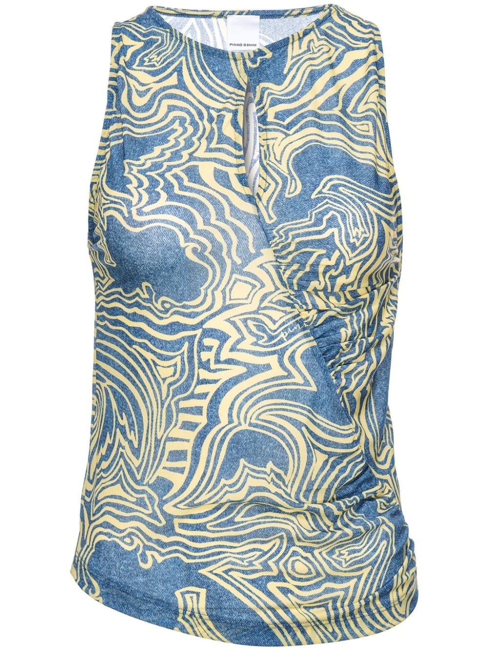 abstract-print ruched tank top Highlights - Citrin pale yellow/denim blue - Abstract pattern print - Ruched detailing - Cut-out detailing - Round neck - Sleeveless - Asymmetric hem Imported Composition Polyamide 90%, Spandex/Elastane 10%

-=-=-=-=-

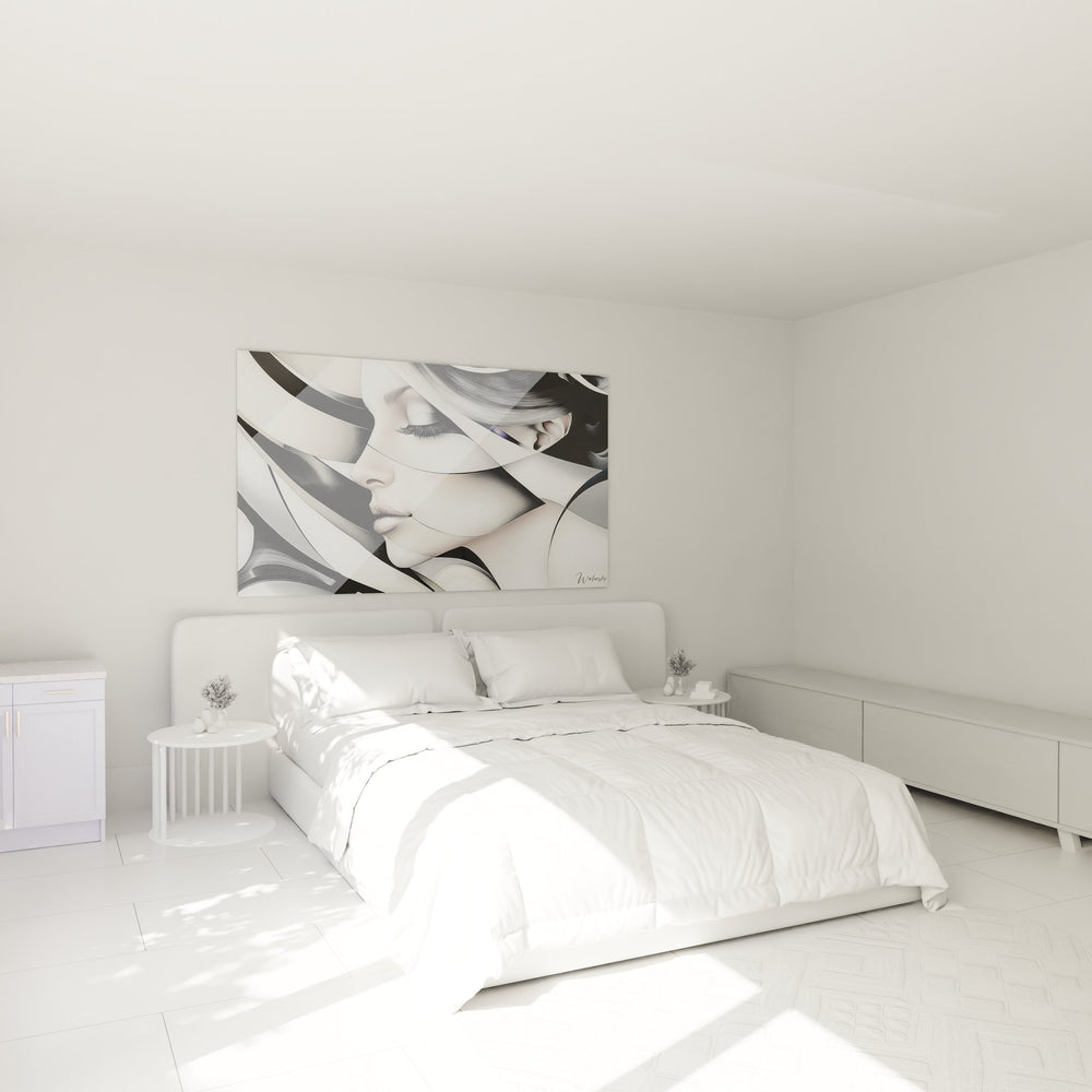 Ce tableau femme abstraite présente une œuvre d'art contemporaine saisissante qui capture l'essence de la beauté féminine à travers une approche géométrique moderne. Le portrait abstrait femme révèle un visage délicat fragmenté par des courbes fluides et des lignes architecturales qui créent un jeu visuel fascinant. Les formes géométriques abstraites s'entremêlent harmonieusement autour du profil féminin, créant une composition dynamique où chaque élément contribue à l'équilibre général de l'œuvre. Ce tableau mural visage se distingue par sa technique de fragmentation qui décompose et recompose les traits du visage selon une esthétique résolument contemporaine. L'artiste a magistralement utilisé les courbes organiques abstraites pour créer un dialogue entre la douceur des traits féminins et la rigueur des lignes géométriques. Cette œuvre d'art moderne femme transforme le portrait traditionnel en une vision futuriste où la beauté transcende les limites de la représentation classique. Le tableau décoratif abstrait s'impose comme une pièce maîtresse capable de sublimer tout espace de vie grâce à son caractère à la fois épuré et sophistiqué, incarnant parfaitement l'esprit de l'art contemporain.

-=-=-=-=-

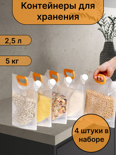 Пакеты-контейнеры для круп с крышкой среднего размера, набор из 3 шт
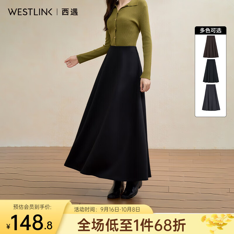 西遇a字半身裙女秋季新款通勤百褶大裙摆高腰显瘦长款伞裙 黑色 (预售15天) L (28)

-=-=-=-=-

### [What is being asked]
For this exercise, transcribe exactly the part of the records above that opens with the line containing "Пакеты-контейнеры для круп" and closes with the one containing "西遇a字半身裙女秋季新款通勤百褶大裙摆高腰显瘦长款伞裙 黑色 (预售15天)". Pictures are not part of the copy.

### [Reply]
 Пакеты-контейнеры для круп с крышкой среднего размера, набор из 3 шт
 西遇a字半身裙女秋季新款通勤百褶大裙摆高腰显瘦长款伞裙 黑色 (预售15天) L (28)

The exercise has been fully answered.